Tüm dosya kapsamına göre, davacı her ne kadar davaya konu konutun müsadereye konu alanda kaldığını belirtiyor ise de, müsadere tutanağı ve diğer bilgilerden … blokta yan yana bulunan konutlardan 4 ve
3 nolu konutun müsadere edildiği, davacının konutunun ise en içte kaldığı ve dolayısıyla …
sahasına uzak olduğu ve ayrıca davacının konutuna nazaran … sahasına
yakın konumdaki yan komşusu olan 2 nolu konutun yaptırılarak oturulduğu yerinde
görülmekle davacının … bloktaki 1 nolu villasının, oturumu tam tespit edilemeyen 170
m2’lik … sahası içerisinde kalmadığı kanaatine varıldığı, müsadereye konu olan konutların bile hali hazırda kullanılır olduğu, davacının villasındaki imalatlarda zamanla oluşan ve tespit
edilen zararların; villanın tamamen korumasız bırakılması ve
kullanılmamasından kaynaklanması nedeniyle oluştuğu ve davalı kooperatifin bu konuda ayıplı imalatı bulunmadığı, davalı kooperatif üyelerinin 2009 yılında çekilen kuralar sonucunda
kendilerine tahsis edilen konutlarda oturmaya başladığının sabit olduğu, 17.02.2014 tarihli müsadere tutanağında ise ; “Ankara ili … ilçesi Asliye Ceza Mahkemesinin … Esasında görülen
davanın kesinleşen mahkeme kararım uygulamak üzere, Ankara … İşletme
Müdürlüğünün 07/02/2014 tarih ve 242276 sayılı yazılan ile kurulan komisyonumuzca
müsadere edilecek yapı sahiplerine de haber verilerek 07/02/2014 tarihinde müsadere
konusu yere gidilmişti.
Ancak Ankara … İşletme Şefliğınce verilmiş olan (1) bir aylık sürenin, kooperatif
yöneticileri tarafından kendisine geç tebliğ edildiğini belirten … yapının
boşaltılabilmesi için (10) on gün ek süre istemiş ve Komisyonumuzca uygun görülerek
17/02/2014 tarihine kadar ek. süre verilmişti Bu sebeple 17/02/2014 tarihinde S.S … Yapı Kooperatifi Yetkilileri ve Yapı Sahipleri
ile birlikte, müsadere edilecek yapının olduğu yere gelindi. Burada yapılan incelemede her iki
yapının tamamen boş, dış kapılan ve pencerelerinin takılı olduğu görülmüş olup müsadereye
konu 170.00 m2 lik saha içerisindeki yapılar ve anahtarları teslim alınarak, kapı ve
pencereleri kilitlenip, giriş kapılan mühürlenmek suretiyle Müsadere Kararı yerine getirilmiştir.” denildiği ve bahse konu mahkumiyet ve müsadere kararından sonra; davalı kooperatif tarafından,
… alanına tecavüzlü inşa edildiği tespit edilen … bloğun bir kısmının …

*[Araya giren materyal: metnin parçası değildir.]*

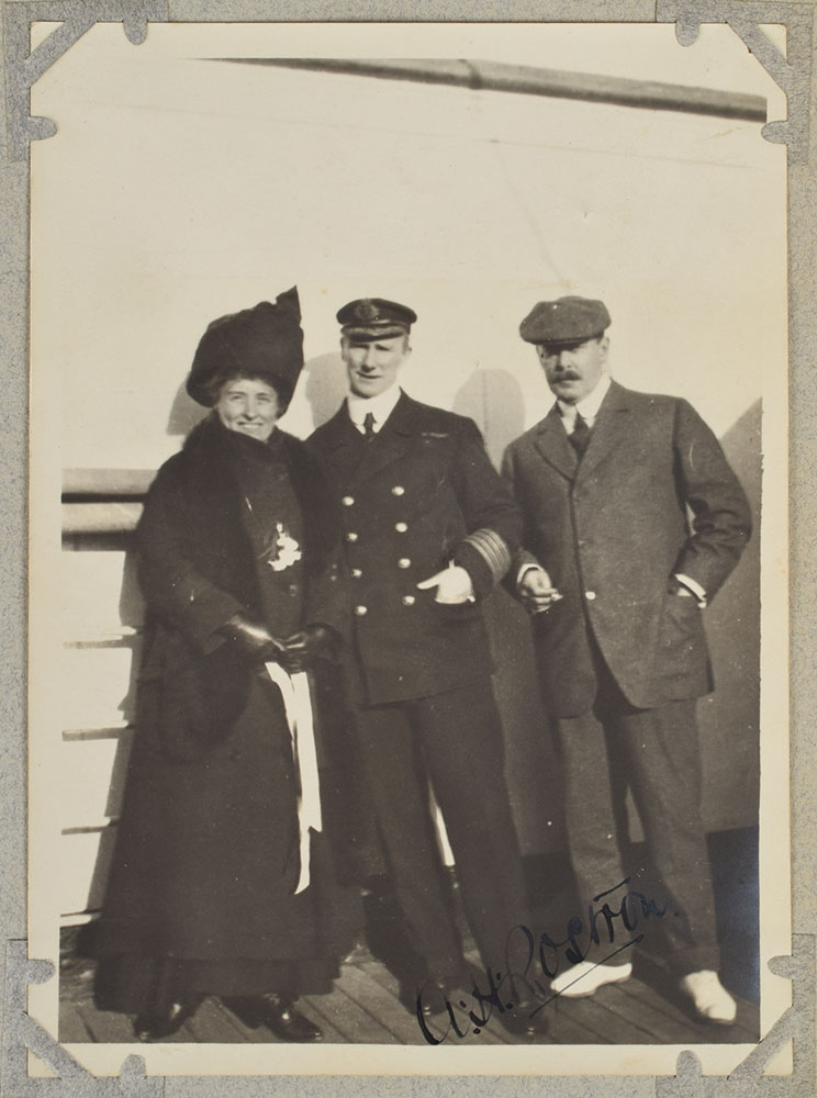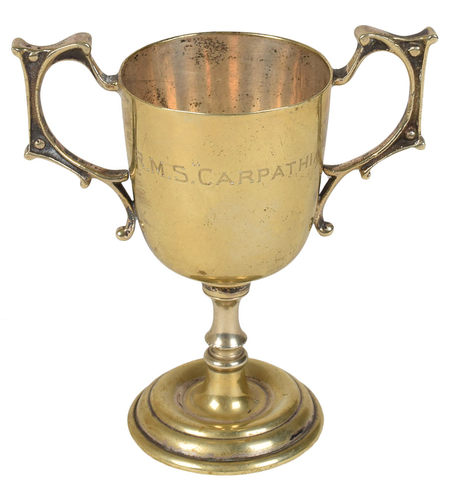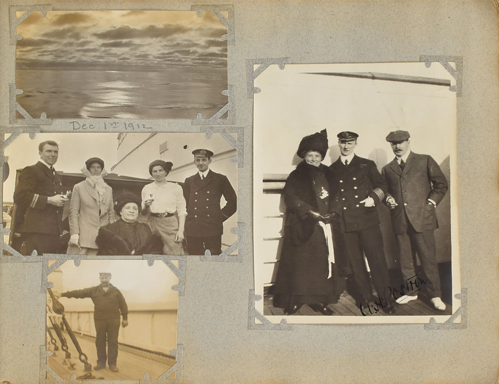 The most significant of the Carpathia and Titanic photos are found on six successive pages midway through the album, which Ogden has dedicated: “The Titanic Rescue, April 15th 1912.” The section features a total of 29 photos and includes images of the late arrival of the SS Californian, the approach and rescue of Titanic emergency lifeboats 1, 6, and 14, and an unprecedented assemblage of 11 photos of icebergs, with images depicting them floating both nearby and on the distant horizon of the North Atlantic; the first such photo captures the very peak responsible for sinking the Titanic, which Ogden has decreed as “The berg the Titanic struck, taken at sunrise.” Other notable photos feature various crew members and passengers of the RMS Carpathia, as well as several of Captain Arthur Rostron, two of which are signed by him in fountain pen, "A. H. Rostron," with one showing him posing with Ogden and his wife on the ship's deck. Also includes a miniature loving cup engraved on the front, "R. M. S. 'Carpathia.'" The first vessel to respond to and discover the lifeboats of the Titanic in the early hours of April 15th, the RMS Carpathia cautiously navigated through ice fields en route to its rescue of 705 survivors. A tremendous archive of first generation photos that not only documents the harrowing rescue, but likewise proffers an unprecedented assemblage of iceberg photographs—images of the two-peak Titanic iceberg are tremendously rare. A truly one-of-a-kind and museum-quality collection.
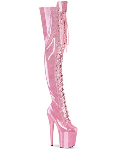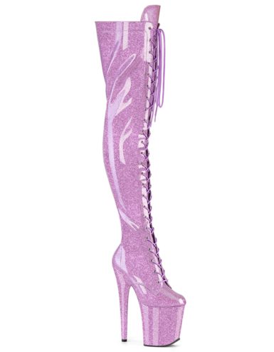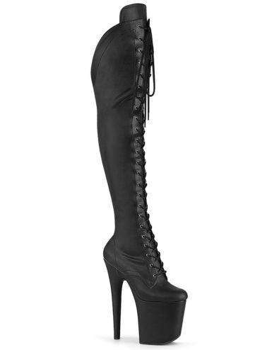8″ (200mm) Heel, 4″ (100mm) Platform Lace-Up Front Thigh High Boot w/ Fully Wrapped Platform Bottom, Full-Length Inner Side Zip Closure.
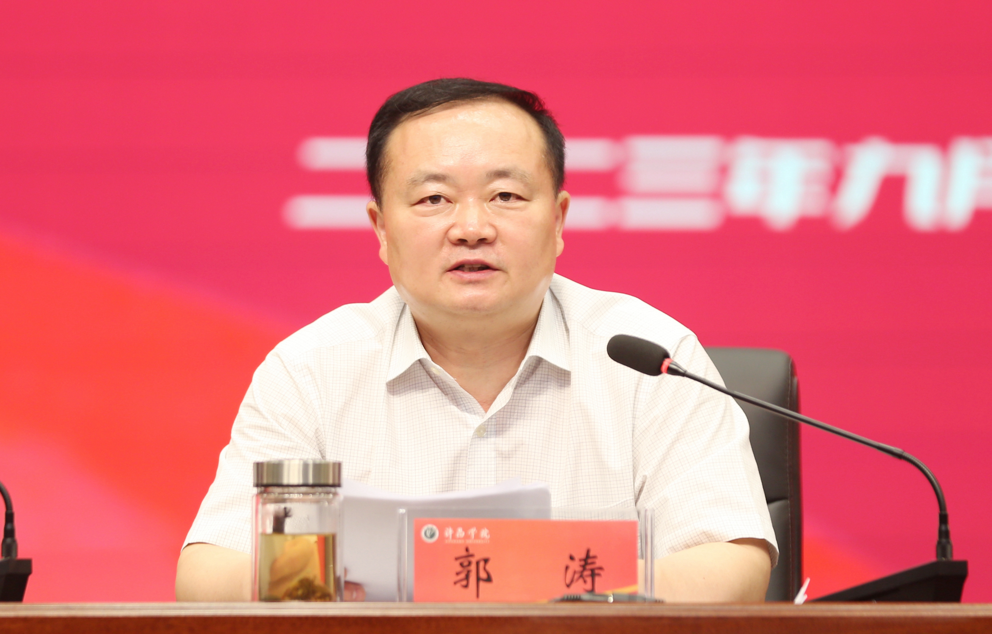 郭涛对广大教职工提出四点希望和要求。一要做担当使命的传道之师。要牢固树立“躬耕教坛,强国有我”的志向与抱负,心怀“国之大者”“省之要者”,积极融入教育强国、教育强省建设的实践中,勇担培育时代新人的历史使命。二要做师德高尚的品行之师。要自觉加强师德修养,不断陶冶道德情操,坚持以德立身、以德立学、以德施教、以德育德,以高尚的人格魅力赢得学生敬仰,用模范行为影响带动学生,努力做塑造学生品格、品行、品味的“大先生”。三要做学识扎实的学问之师。要树立终身学习理念,不断更新思想观念和知识结构,提升教学能力和水平,积极开展科研创新和技术攻关,努力成为本领域、本单位、本部门的“行家里手”。四要做春风化雨的仁爱之师。要把教书和育人有机融合起来,多关心关爱学生、尊重信任学生、包容理解学生,通过真情、真心、真诚拉近同学生的距离,滋润学生的心田,努力成为学生最信赖的良师益友。
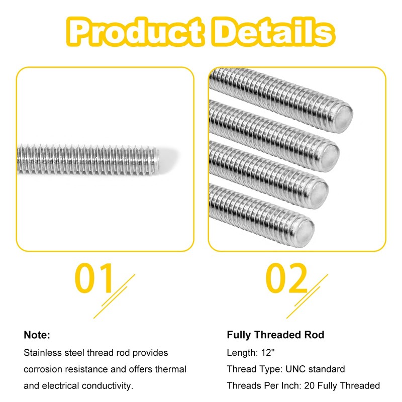 - Package Include: 1/4"-20 fully threaded rods * 4.
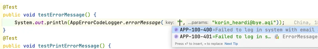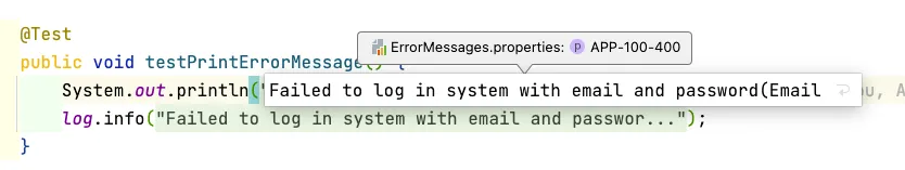 这样在任何地方如果你要打印错误消息的时候,这样log.info(AppErrorMessages.message("APP-100-400","xxx"));就可以。如果你还有想法和log进行一下Wrapper,如 log.info("APP-100-400","xxx"); ,也没有问题,样例代码如下:public class ErrorCodeLogger implements Logger { private Logger delegate; private static final String BUNDLE_FQN = "app.ErrorMessages"; private static final ResourceBundle RESOURCE_BUNDLE = ResourceBundle.getBundle(BUNDLE_FQN, new Locale("en", "US")); public ErrorCodeLogger(Logger delegate) { this.delegate = delegate; } @Override public void trace(@PropertyKey(resourceBundle = BUNDLE_FQN) String msg) { delegate.trace(RESOURCE_BUNDLE.getString(msg)); }}
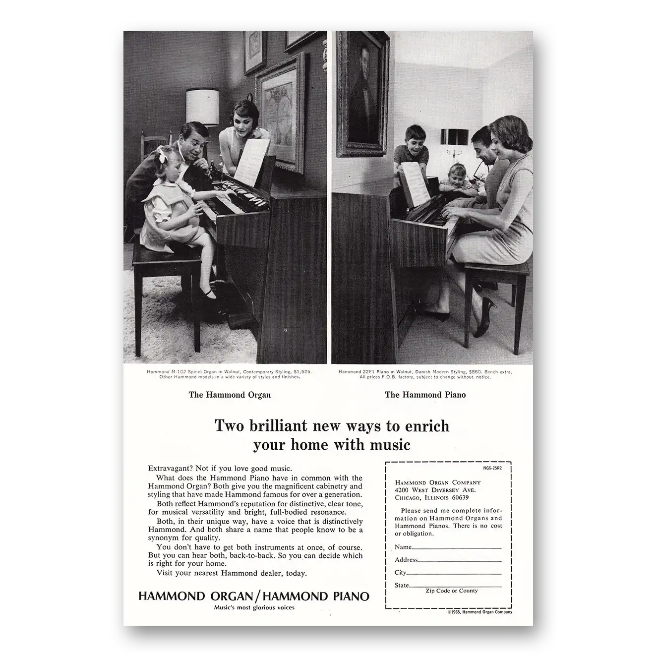 1965 Hammond Organ Print Ad | Two Brilliant New Ways
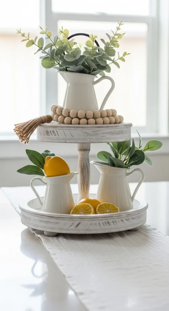 This tray style works because it stays simple and controlled. Lemons bring color, but the rest of the tray stays quiet. Start with white ceramics as your anchor pieces. Small pitchers, bowls, or creamers work well. Place heavier items on the bottom tier to keep the tray stable. Use faux lemons instead of real ones. They last longer and keep their color. Stick to three lemons on the top tier and four or five on the bottom. Odd numbers look more natural and prevent the tray from feeling stiff. Wood beads soften the look and break up the smooth ceramic surfaces. Drape them slightly over the edge for movement. Greenery should feel light, not dense. One or two eucalyptus stems are enough. Avoid dark greens here. This tray suits kitchens, coffee bars, or open shelving. For budget options, dollar-store lemons and thrifted white mugs work just fine. If the tray starts to feel busy, remove one item instead of adding another. Seasonal changes are easy. Swap lemons for oranges in late summer or mini apples in early fall. Keep the base items the same so storage stays manageable. This setup photographs well for Pinterest because the colors stay clean and bright. It also works in small kitchens where bold decor would feel overwhelming.
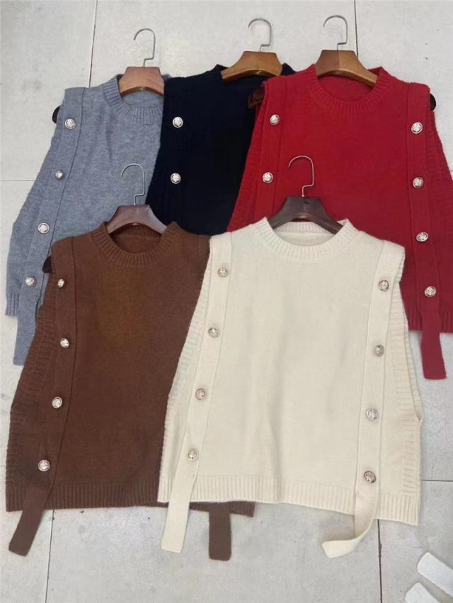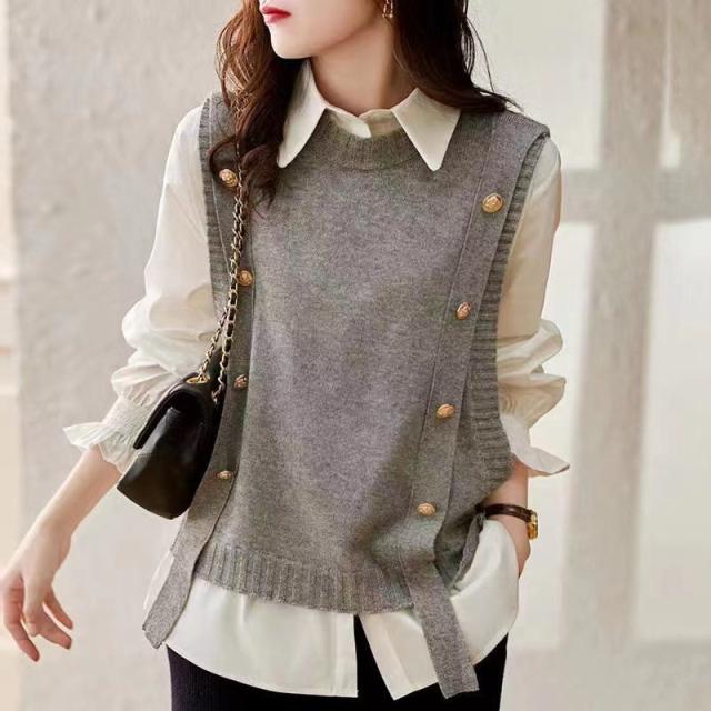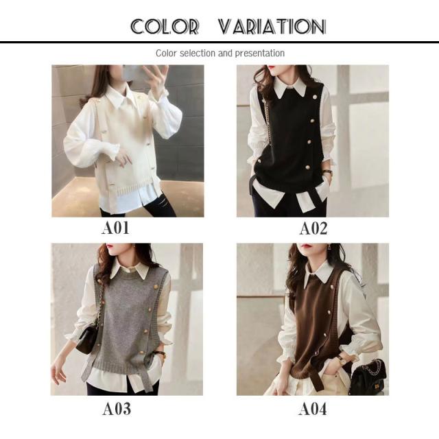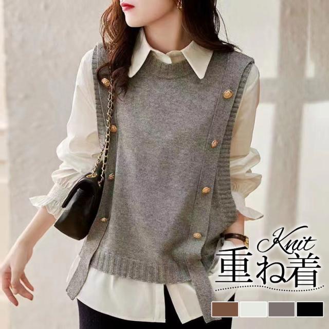 ベスト レディース ジレ ニット 秋 春 クルーネック 丸首 プルオーバー セーター ノースリープ レイヤード風 トップス 通勤 重ね着 オフィス
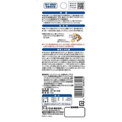 チューブから適量を出し、指などに取り、お口や歯につけて与えてください。お口の中に物が入ることに慣れたら、「エブリデント 歯みがきシート・ブラシ」につけ、軽くブラッシングしてください。
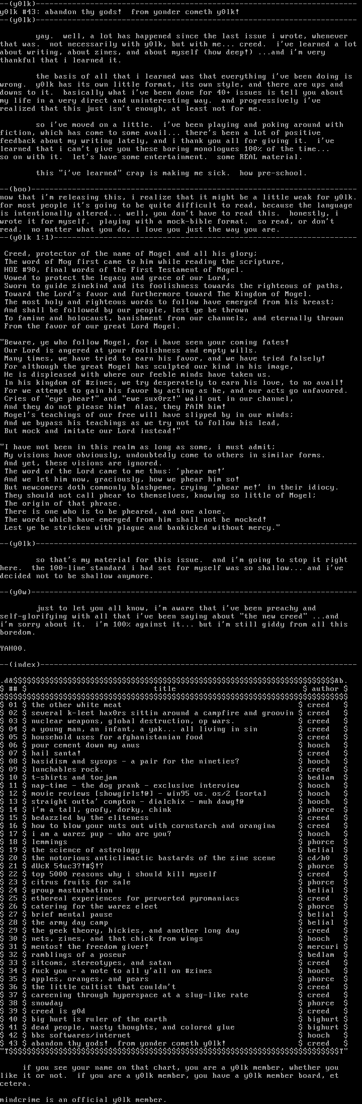 43 abandon thy gods! from yonder cometh y0lk! creed
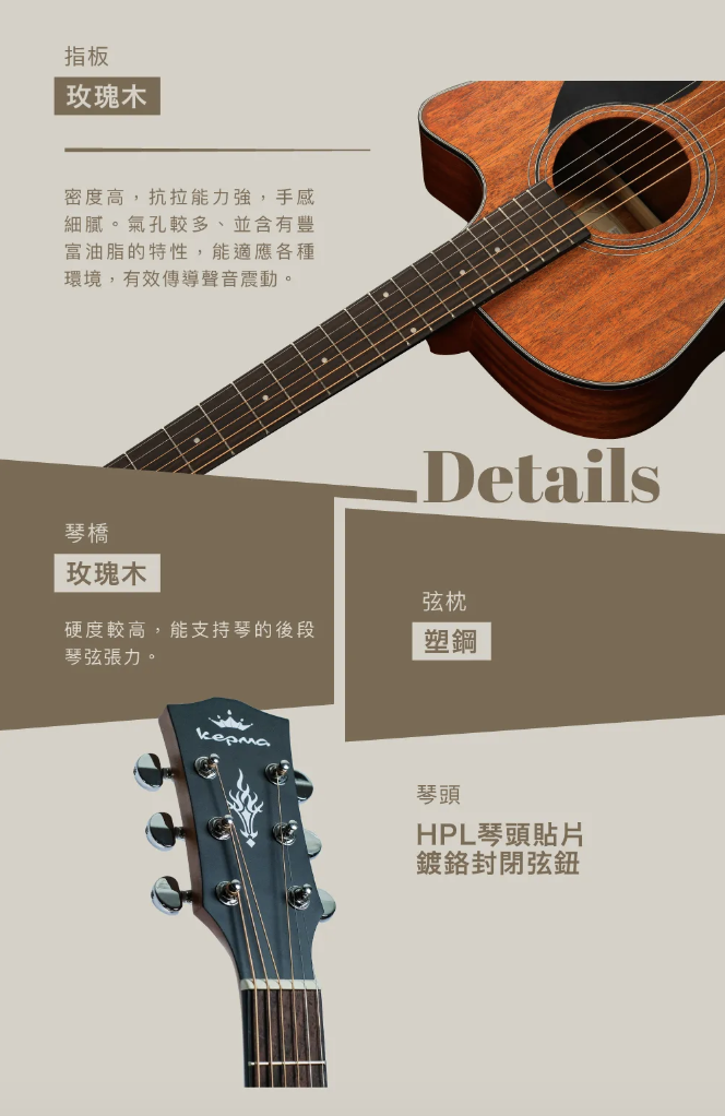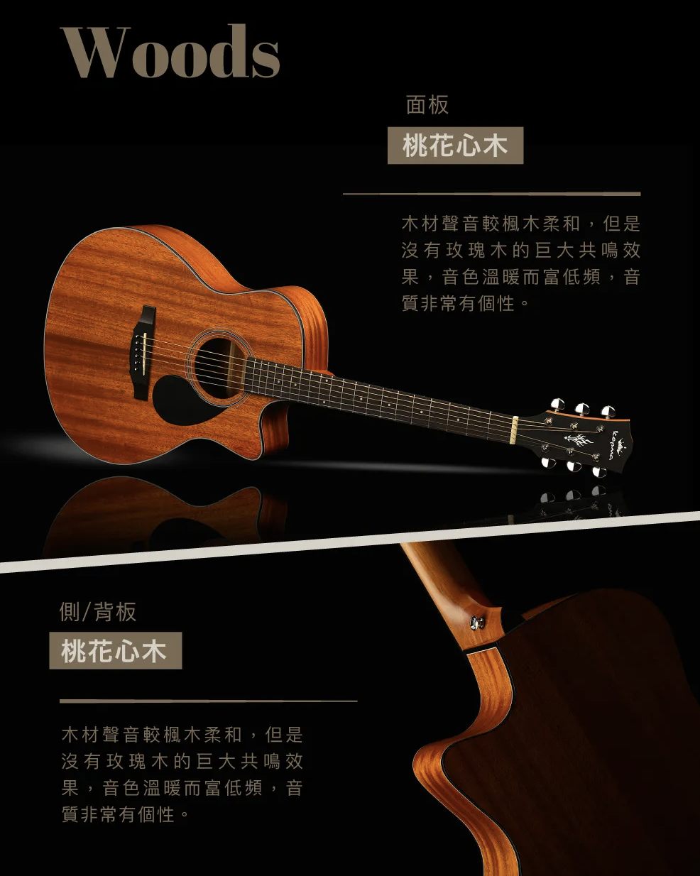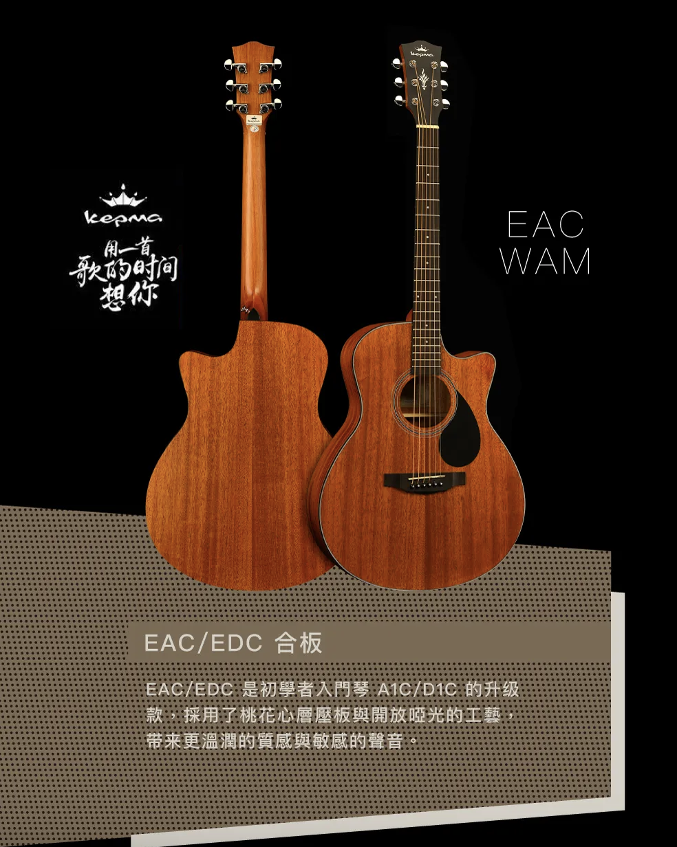 初學者入門琴EAC/EDC系列,嚴選的桃花心木搭配開放啞光漆的工藝,能帶來更溫潤細膩的聲音。而數控加工的導入,也讓初階款的此系列也能擁有舒適的彈奏手感。

sınırından çıkarılması isteğiyle dava dışı … Genel Müdürlüğü başvuru yapıldığı,
yapılan başvuru sonucunda … haritasının 29.06.2015 tarihinde düzeltilerek …
bloğun … alanına tecavüzlü kısımlarının … sınırından çıkarılması sağlanmış
ise de, dava dışı bakanlık tarafından … Sulh Ceza Mahkemesi’nin 14.02.2012
tarih ve 2011/472 E-2012/82 K. sayılı kararıyla verilen müsadere kararı kaldırılmadığı
sürece, bahse konu müsadere kararı gereğince tesis edilen mühürleme işleminin
kaldırılmasının mümkün olmadığının belirtilmesi üzerine, bu kez davalı kooperatif
tarafından “yargılamanın yenilenmesi” isteğiyle … Sulh Ceza Mahkemesi’ne
başvuru yapıldığı, ancak T.C. … (Ankara) 2. Asliye Ceza Mahkemesinin
20.11.2015 tarih ve 2015/707 E. 2015/537 sayılı kararı ile Yargılamanın yenilenmesi
talebinin kabule değer olmadığına ve infazın geri bırakılmasına veya durdurulmasına
yönelik istemin reddine karar verildiği, anlaşılmaktadır.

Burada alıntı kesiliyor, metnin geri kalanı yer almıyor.